Sunset with clear sky when the temperature dropped below 0C again. I’ve waited for this one until gradient of color reaches its peak. (BTW, I love watching Earth’s shadow moving across the sky.)

Taking Advantage of Imperfections

I’m increasingly photographing with more and more challenging lighting. Such as including sun high in the sky into the picture. The creates a lot of glare in the photo. And I’m working thru those issues, finding how to avoid them or incorporate them in my pictures.

There is a couple methods I use to avoid glare in my pictures. First one that I used for a while already is to block out the Sun with a finger, take photos without the Sun and the glare. The next photo is with no fingers in the frame.

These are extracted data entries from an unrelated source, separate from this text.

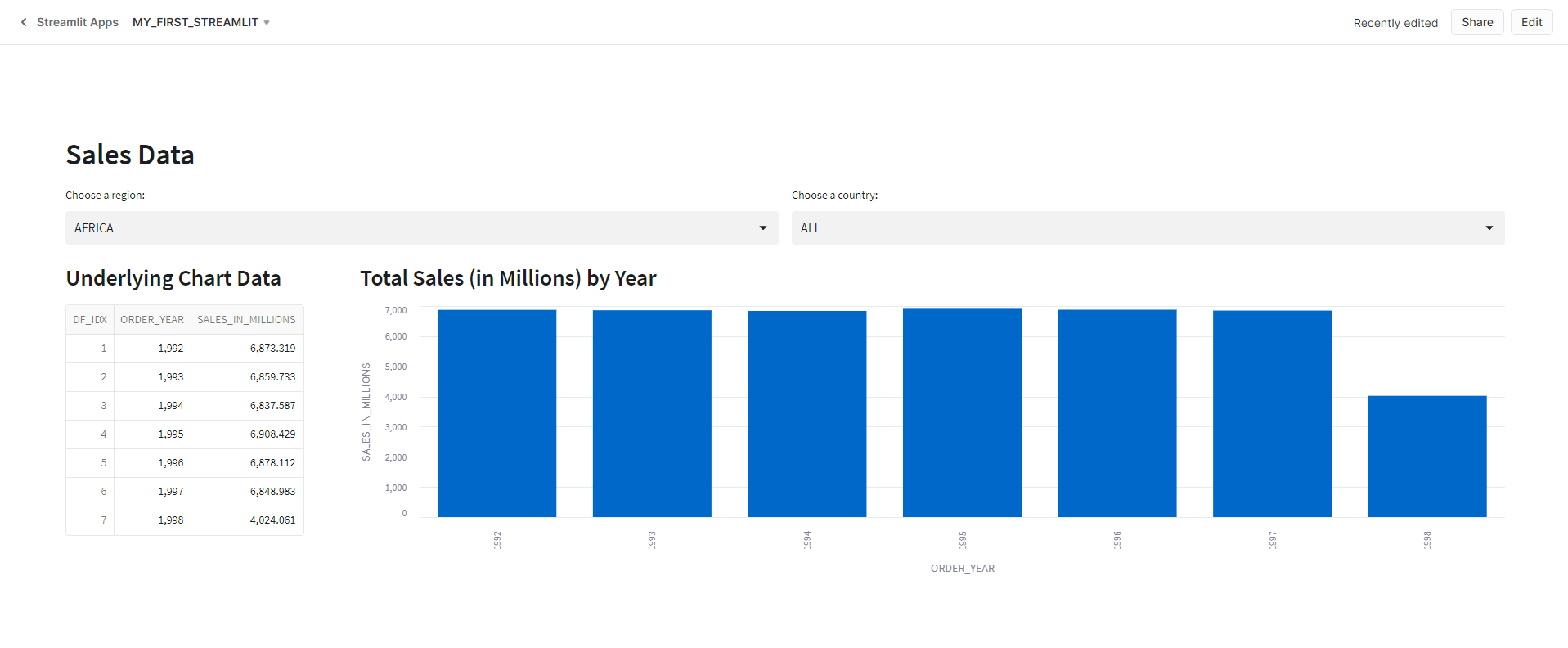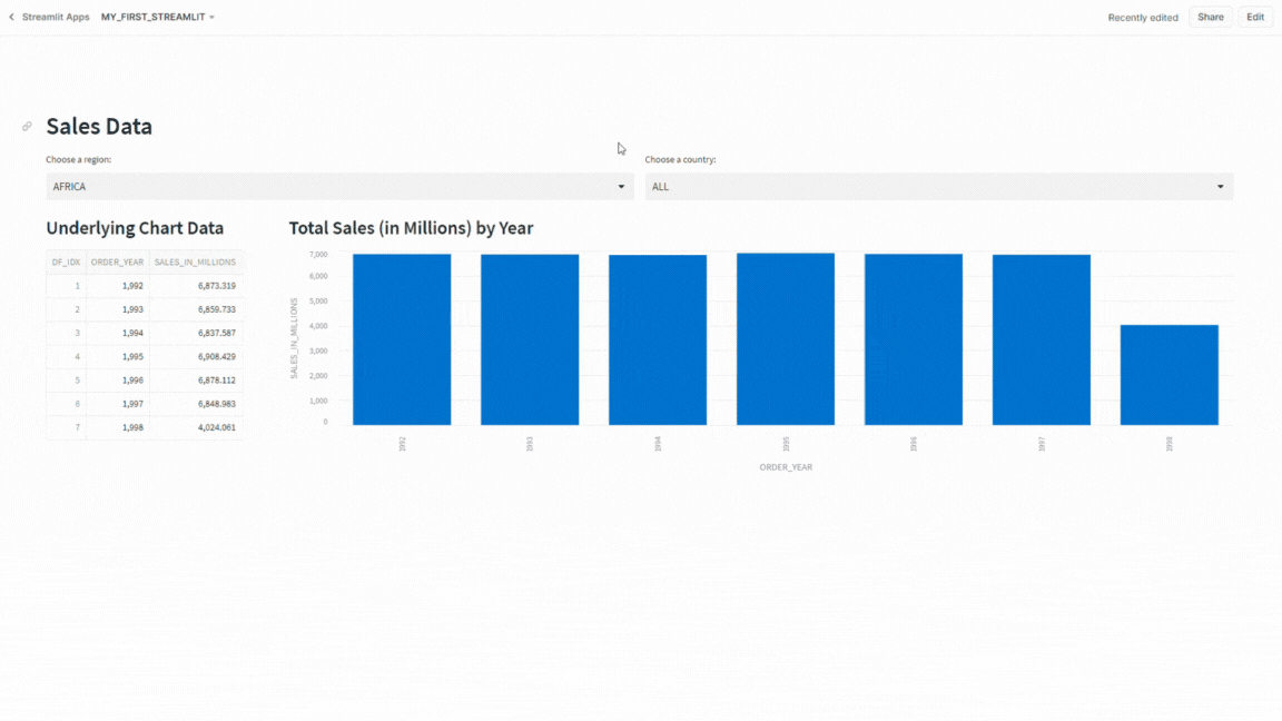 To display a bar chart as well as a data frame to show the underlying data, I’ll first need to query the VW_SALES_DATA view and apply the filters specified in the region and country select boxes. In the query, I am adding a row_number for the data index as well as converting the sales numbers into millions of dollars – primarily to keep the numbers smaller for screen output.
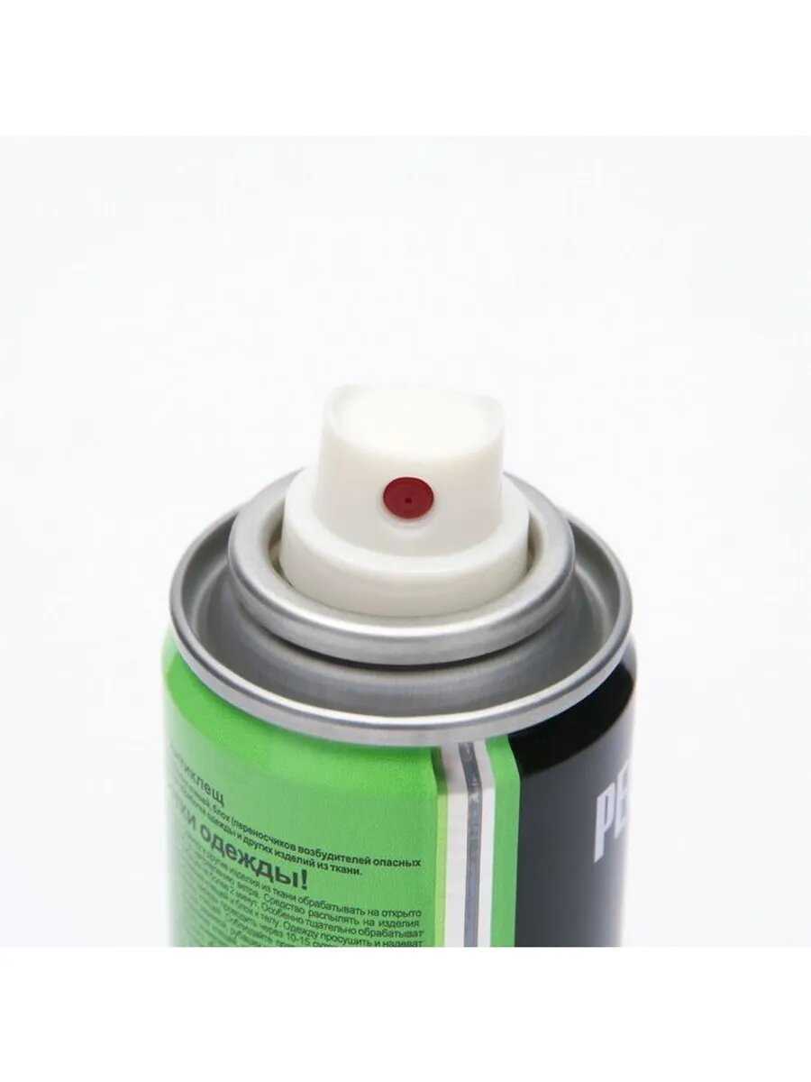 - Баллончик оснащён распылителем, позволяющим обрабатывать одежду, обувь и снаряжение быстро и равномерно.
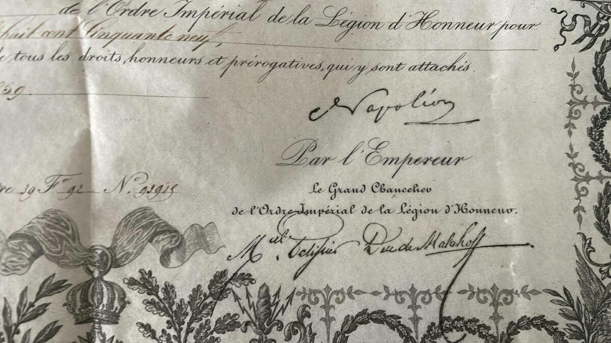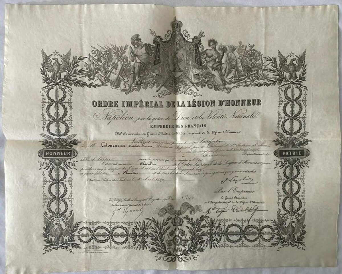 Napoléon III – Brever de Chevalier – Légion d’Honneur – 1859
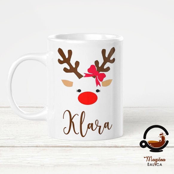 Šalica na sebi ima aplikaciju lica Rudolpha i moguće ju je personalizirati osobnim imenom.
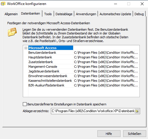 3. Wechseln Sie auf die Registerkarte “Datenbanken” und ändern Sie hier absteigend den Dateipfad für jede der in “C:\Program Files (x86)\Condition Workoffice XP\datenbank” gespeicherten Dateien auf den unter 1. angelegten Ordner.
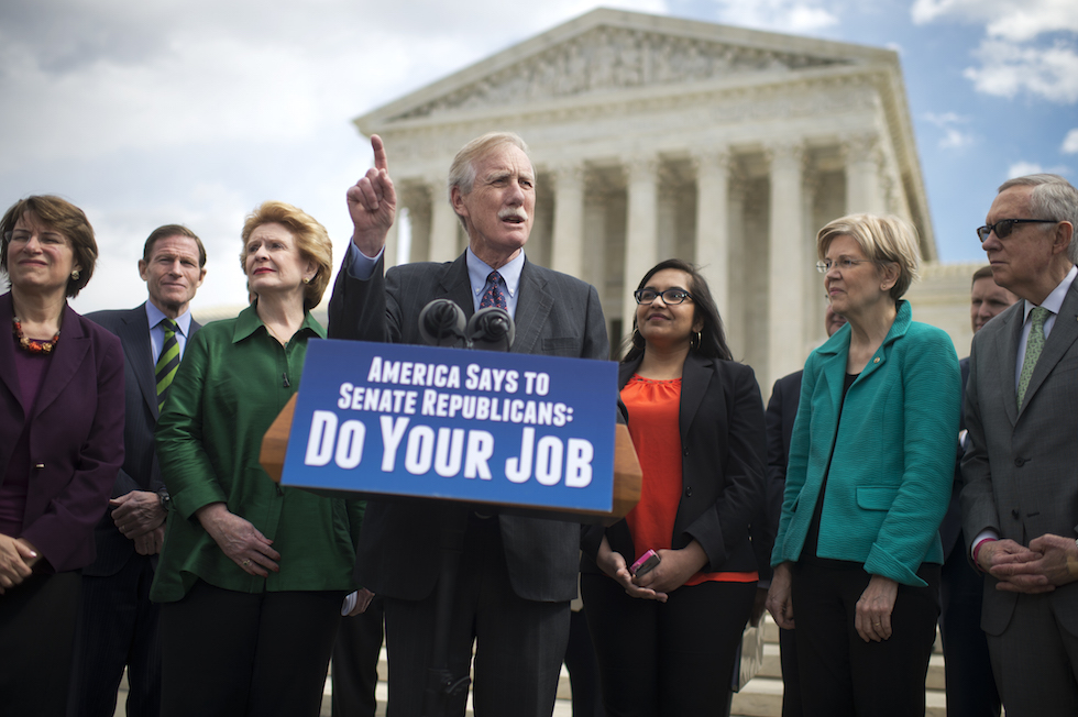 Alcuni senatori democratici tengono una conferenza stampa davanti alla Corte Suprema con un cartello “Do your job”, 17 marzo 2016 (Tom Williams/CQ Roll Call via AP Images)
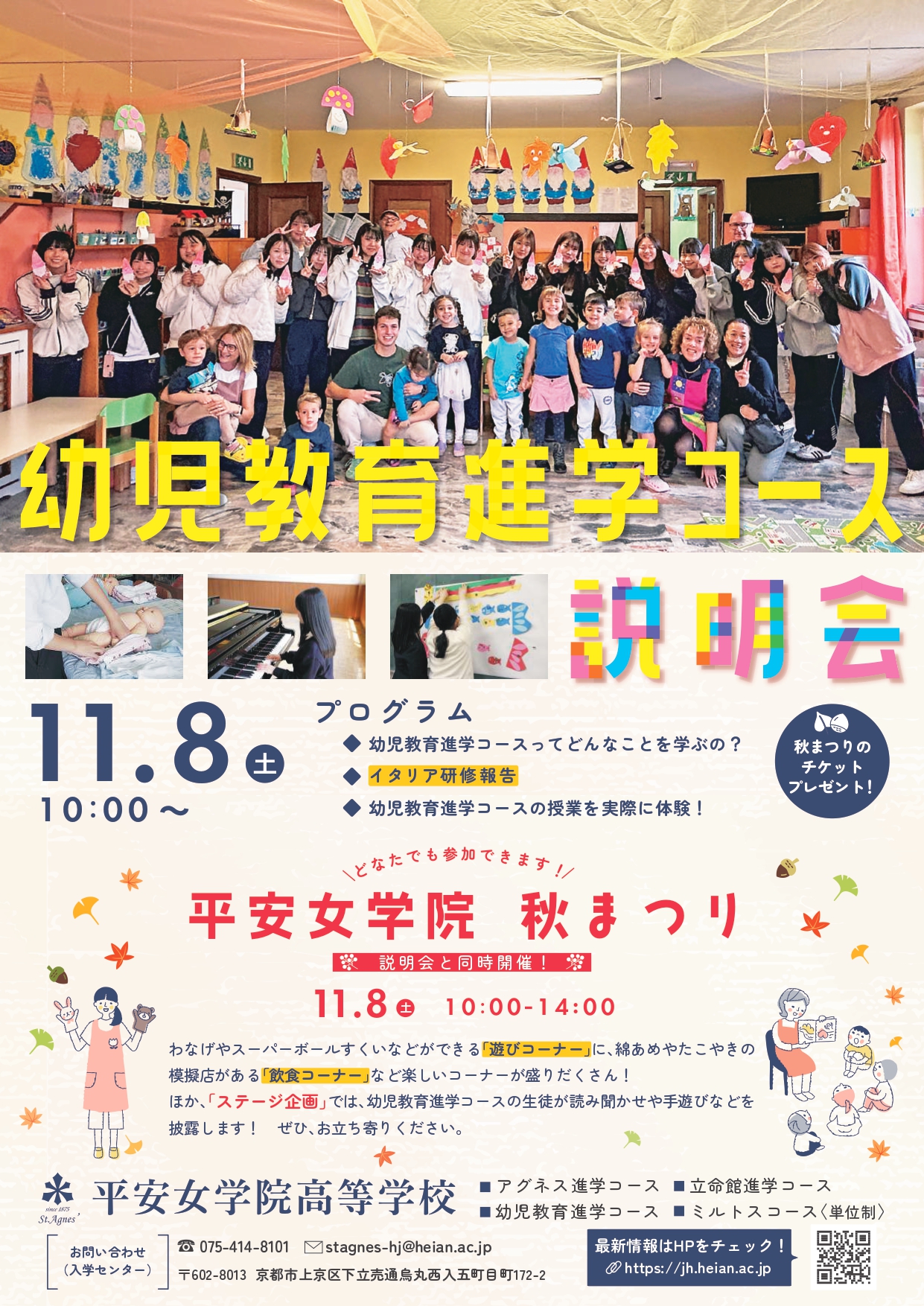 11/8(土)に幼児教育進学コース説明会を実施します。お申し込みは不要です。多くの方のご参加をお待ちしております。
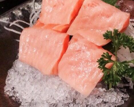 ...比较稳定,所以经常排队,三文鱼后切的鱼生本来就很给力了,要了份三文鱼鱼腩,怎么能肥成这个样子呢
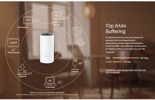 Οι ταχύτητες δικτύου είναι τρεις φορές πιο γρήγορες από τους δρομολογητές προηγούμενης γενιάς, χάρη στην ασύρματη τεχνολογία 802.11ac, καθιστούν το Deco ικανό να παρέχει σύνδεση χωρίς lag σε έως και 100 συσκευές.
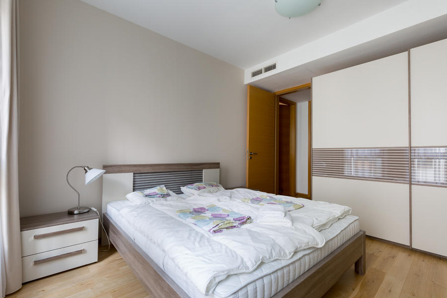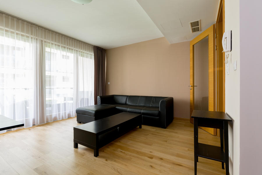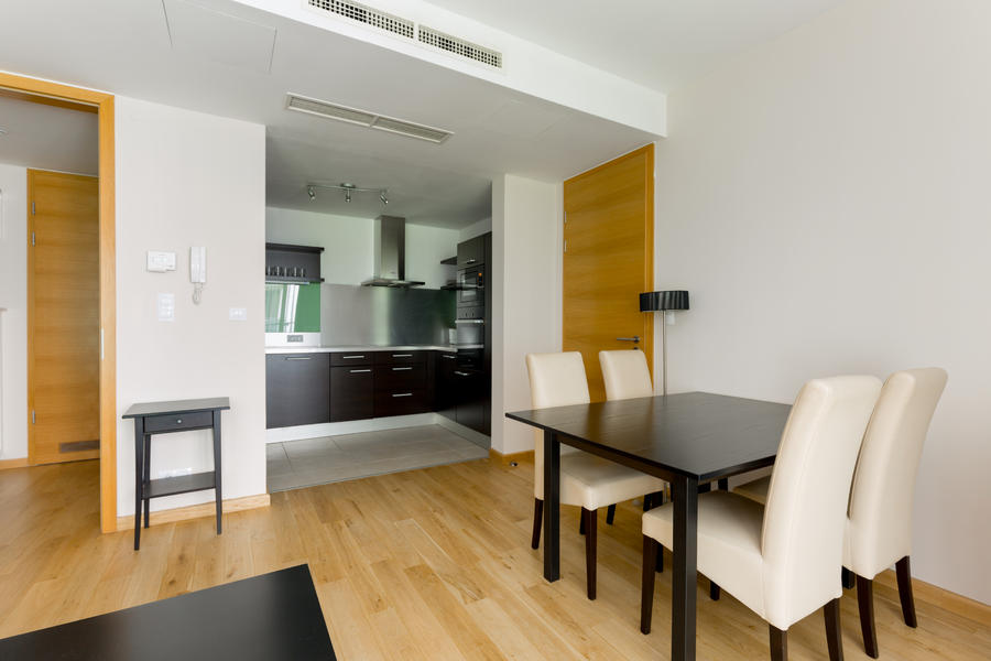 Az 56 m2-es, legfelső, 7. emeleti lakásban van egy nagy teraszos nappali, egy hálószoba, fürdőszoba, gépesített konyha.
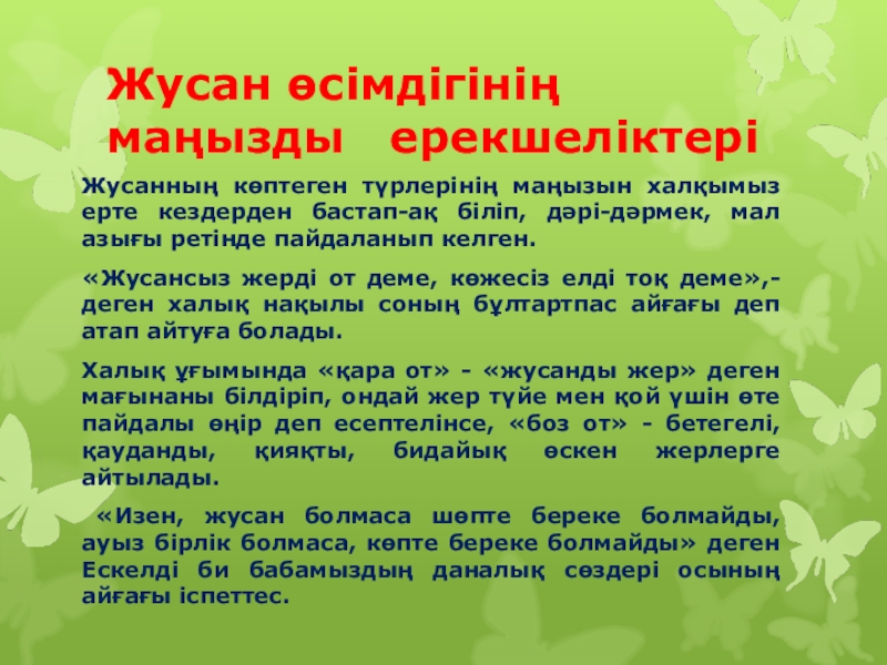 Слайд 10Жусан өсімдігінің маңызды ерекшеліктері
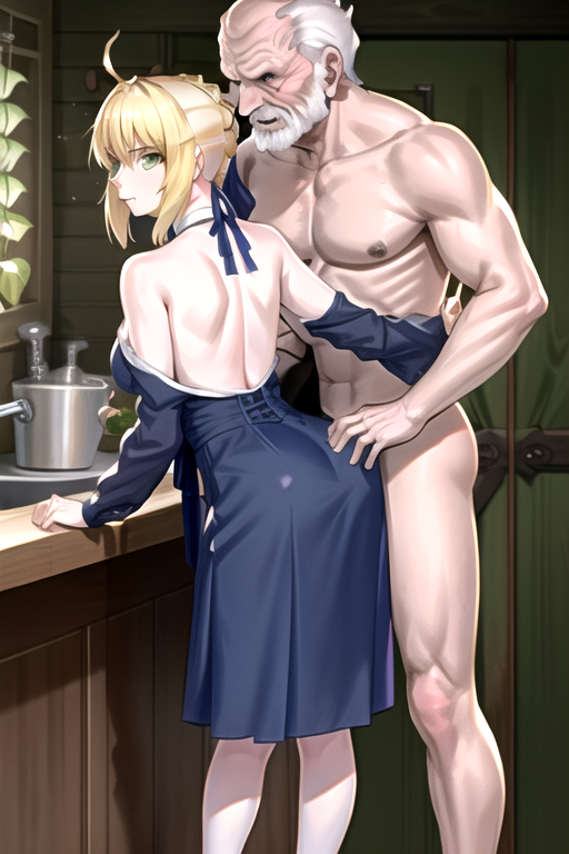 ZoukenArtoria, an old man and a woman, hetero, cowboy shot, completely nude, sex
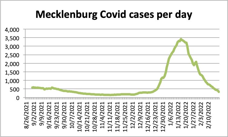 The 7-day average of Covid cases in Mecklenburg has been plunging since mid-January. (Source: N.C. Department of Health and Human Services)
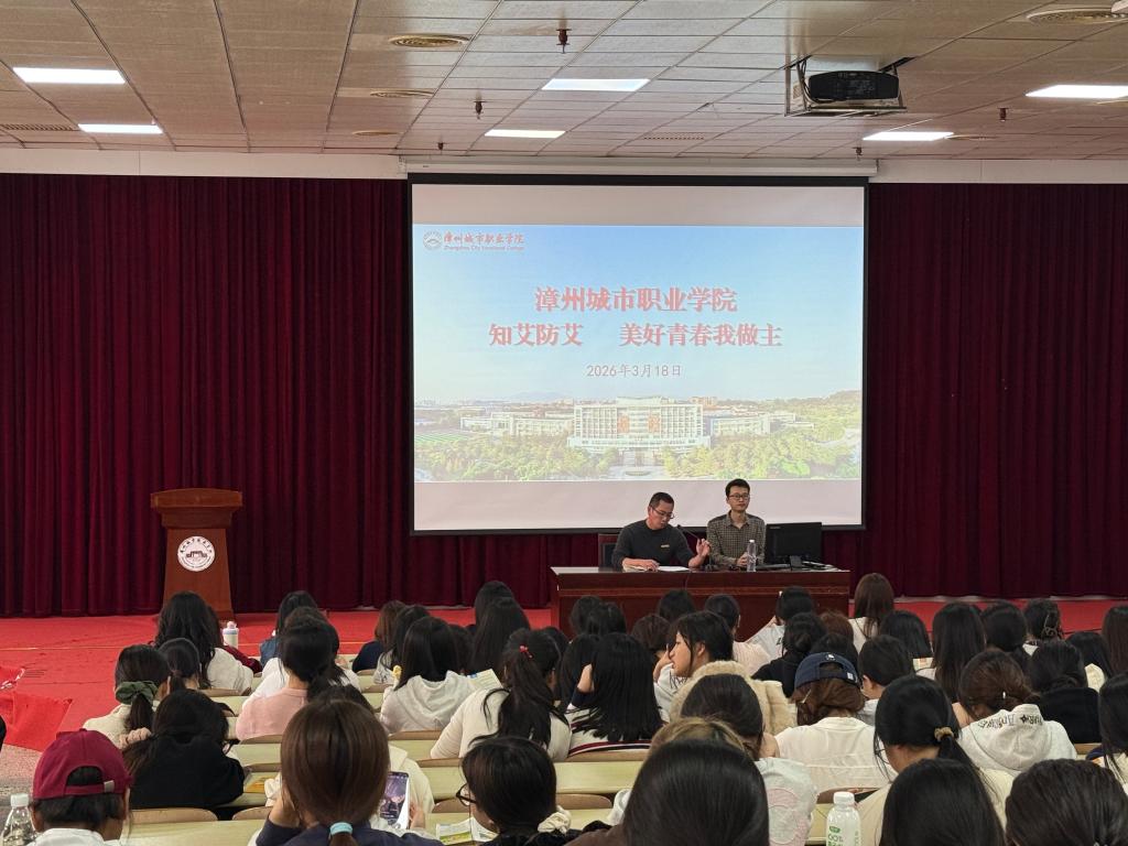 为深化青年学生对艾滋病的科学认知,强化自我防护意识,营造健康安全的校园环境。2026年3月18日下午,我院在梯形教室六成功举办了“知艾防艾,美好青春我做主”防艾知识主题讲座,此次讲座邀请了漳州市芗城区疾病预防控制中心防艾科朱佳利医师来院授课,后勤管理处代表黄棋城主持讲座。
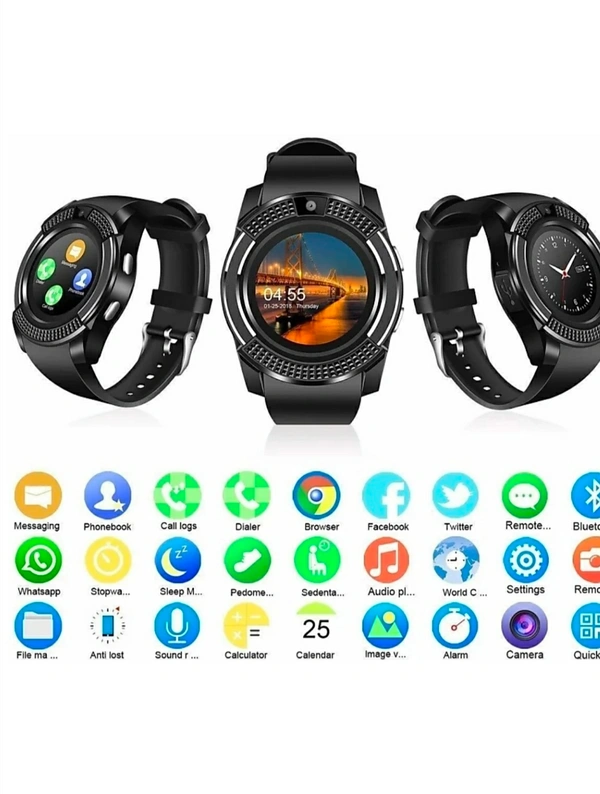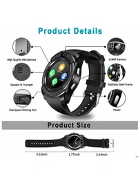 Smart Watch Touch Screen Smart Watch Compatible with All Mobile Phones with Camera, SIM, SD Card Slot Android and iOS Smartphones for Kids Girls Boys Men Women Black
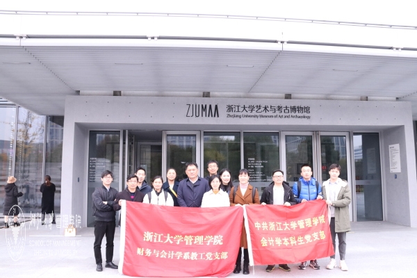浙江大学党建馆是展示全校党建成果的一面旗帜。来自教工党支部、学生党支部以及安丰创投党支部的党员们首先来到这里参观学习,在“红船精神”和“浙江大学党建工作”两个主题展厅中重温中国共产党人的初心与使命。在重温我党建立以及改革开放的奋斗历程中,党员们进一步了解了红船精神的精神内涵与时代价值;在安徽小岗村大包干契约背后,党员们感受到了会计学科与国家改革、时代发展同频共振的伟大实践;在费巩、于子三、程开甲、林俊德等一代又一代灿若星辰的浙大人身上,党员们看到了求是学子“以天下为己任,以真理为依归”的信仰之辉和信念之基。浙江大学在党的领导下扎根中国大地办世界一流大学的光辉历程、浙大人“勇立潮头”的奋斗故事,都给党员们留下了深刻的印象,其中不乏管理学院党组织的身影,激励着党员们永葆初心、砥砺前行。党员们还参观了浙江大学艺术博物馆。

Both photos should be taken with the same exposure, the same focus point, the same aperture and on tripod. I would take the normal photo as a base and then use the one where I blocked out the Sun to patch any areas with a glare. This methods works really well during sunset or sunrise when the Sun is placed closer to an edge of a frame.

The other method I discovered during my trip a week ago to the Palouse. Turns out that if I open aperture to its widest setting I get almost no glare or at least its impact becomes imperceptible. This method works well even if the Sun is in the middle of the frame. That’s the technique I used for the photo below that I took during the trip.

Again I would use the photo with aperture set to where I want it. In this case I wanted to close down aperture to get sun burst rays. Closing down the aperture produced a lot of glare in the sky, on the Steptoe Butte and in the fields, that would be hard to patch in Photoshop if I did not take another photo with open aperture and used parts of that photo to patch out all the glare.

Then I discovered that polarizer that I had on my lens had imperfection that resulted in light spilling further from the Sun in two directions along one line. (And just in case you did not know any additional glass surface adds more glare to the photo as sun light bounces back and forth between glass surfaces.) My first reaction was to remove the filter. But then I thought of incorporating that effect and make that line horizontal by rotating the filter. Later I also did take photos without the filter but I like the one with imperfection more. It gives some surreal feel to the scene.